To start, though, let’s answer a simpler question: how many different paths reach state $k$ at time step $n$ ? I’ll call this number $N_n(k)$ . If we go back one step in time, there’s only two states a path could have stepped from to get to $k$ : $k-1$ and $k+1$ . So $N_n(k)$ satisfies the recurrence relation

$N_n(k) = N_{n-1}(k-1) + N_{n-1}(k+1)$

This just describes Pascal’s triangle. Thus the number of paths that reach state $k$ at time step $n$ is exactly $n$ choose $k$ .

$\begin{matrix} k = 5 & & & & & & 1 & \\ k = 4 & & & & & 1 & & \\ k = 3 & & & & 1 & & 5 & \\ k = 2 & & & 1 & & 4 & & \\ k = 1 & & 1 & & 3 & & 10 & \\ k = 0 & 1 & & 2 & & 6 & & \ldots \\ k = -1 & & 1 & & 3 & & 10 & \\ k = -2 & & & 1 & & 4 & & \\ k = -3 & & & & 1 & & 5 & \\ k = -4 & & & & & 1 & & \\ k = -5 & & & & & & 1 & \\ &t_0&t_1&t_2&t_3&t_4&t_5&\ldots \end{matrix}$ $N_n(k) = {n \choose k} = \frac{n!}{k!(n-k)!}$

Note that the total number of paths at time step $n$ is $2^n$ . Fundamentally this is true because each path splits in two at each time step, but you can also sanity check it by summing the columns of the triangle above. Given this, the probability of reaching state $k$ at time step $n$ has to be $n$ choose $k$ divided by $2^n$ :

$p_n(k) = \frac{1}{2^n}{n \choose k} = \frac{1}{2^n} \frac{n!}{k!(n-k)!}$

This ensures that

$\sum_{k=-\infty}^\infty p_n(k) = 1$

for all $n$ .

Unfortunately this expression for $p_n(k)$ is hard to compute directly, since both the numerator and denominator quickly become unreasonably large. And there’s no simple cancellation of terms that would let us compute the result without enormous intermediate values.

But the recurrence relation that led us to $N_n(k)$ can easily be modified to describe $p_n(k)$ : just multiply by $1/2$ at each step. This ensures the normalization factor of $2^n$ is taken into account.

$\begin{aligned} p_0(k) &= \begin{cases} 1 &\text{if } k = 0 \\ 0 &\text{if } k \neq 0 \end{cases} \\ p_n(k) &= \frac{1}{2} \left( p_{n-1}(k-1) + p_{n-1}(k+1) \right) \end{aligned}$

Visually, this amounts to filling in this triangle of probabilities from left to right. Each number is simply the sum of the two immediately before it, divided by two. All the columns sum to one.

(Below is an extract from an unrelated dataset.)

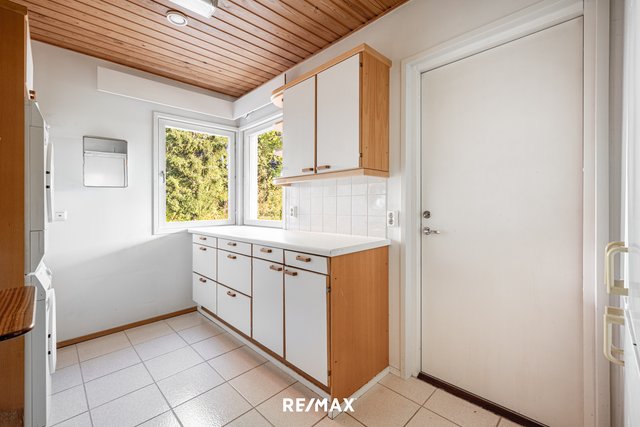 - Lattialämmitys, pesukoneliitäntä, pöytätaso, tila pesutornille, festivo kylmiö, jonka pakastin ei toimi, mutta jääkaappi., lattiakaivo, pesukone, ja kuivausrumpu

$\begin{matrix} k = 5 & & & & & & 1/32 & \\ k = 4 & & & & & 1/16 & & \\ k = 3 & & & & 1/8 & & 5/32 & \\ k = 2 & & & 1/4 & & 1/4 & & \\ k = 1 & & 1/2 & & 3/8 & & 5/16 & \\ k = 0 & 1 & & 1/2 & & 3/8 & & \ldots \\ k = -1 & & 1/2 & & 3/8 & & 5/16 & \\ k = -2 & & & 1/4 & & 1/4 & & \\ k = -3 & & & & 1/8 & & 5/32 & \\ k = -4 & & & & & 1/16 & & \\ k = -5 & & & & & & 1/32 & \\ &p_0(k)&p_1(k)&p_2(k)&p_3(k)&p_4(k)&p_5(k)&\ldots \end{matrix}$

We can use a similar technique to calculate what we really want: $q_n(k)$ , i.e. the probability of reaching state $k$ at time step $n$ and never having gone outside the error bars along the way. All we need to do is zero out the probabilities that fall outside our bounds.

$\begin{matrix} k = 5 & & & & & & 0 & \\ k = 4 & & & & & 0 & & \\ k = 3 & & & & 0 & & 3/32 & \\ k = 2 & & & 1/4 & & 3/16 & & \\ k = 1 & & 1/2 & & 3/8 & & 9/32 & \\ k = 0 & 1 & & 1/2 & & 3/8 & & \ldots \\ k = -1 & & 1/2 & & 3/8 & & 9/32 & \\ k = -2 & & & 1/4 & & 3/16 & & \\ k = -3 & & & & 0 & & 3/32 & \\ k = -4 & & & & & 0 & & \\ k = -5 & & & & & & 0 & \\ &p_0(k)&p_1(k)&p_2(k)&p_3(k)&p_4(k)&p_5(k)&\ldots \end{matrix}$

The columns no longer sum to one, since not all paths that reach in bounds states never went out of bounds beforehand. For reference, here are the standard deviation bounds relevant for the figure above.

n	1.5 * sqrt(n)
1	1.5
2	2.1
3	2.6
4	3.0
5	3.4

Because nonzero probabilities never occur outside $k > 1.5 \sqrt{n}$ , this technique is surprisingly scalable. For instance, there are only 95 nonzero values in the 1,000th column. (Contrast this with $N_{1000}(k)$ , for which there would be 2001 nonzero values, many of which are astronomically large.)

This makes it easy to compute the values for all $n$ up to 1,000.

probs

And to answer the specific question we started with, 14.5% of all possible trajectories have never left $\pm1.5 \sigma$ at step 1000.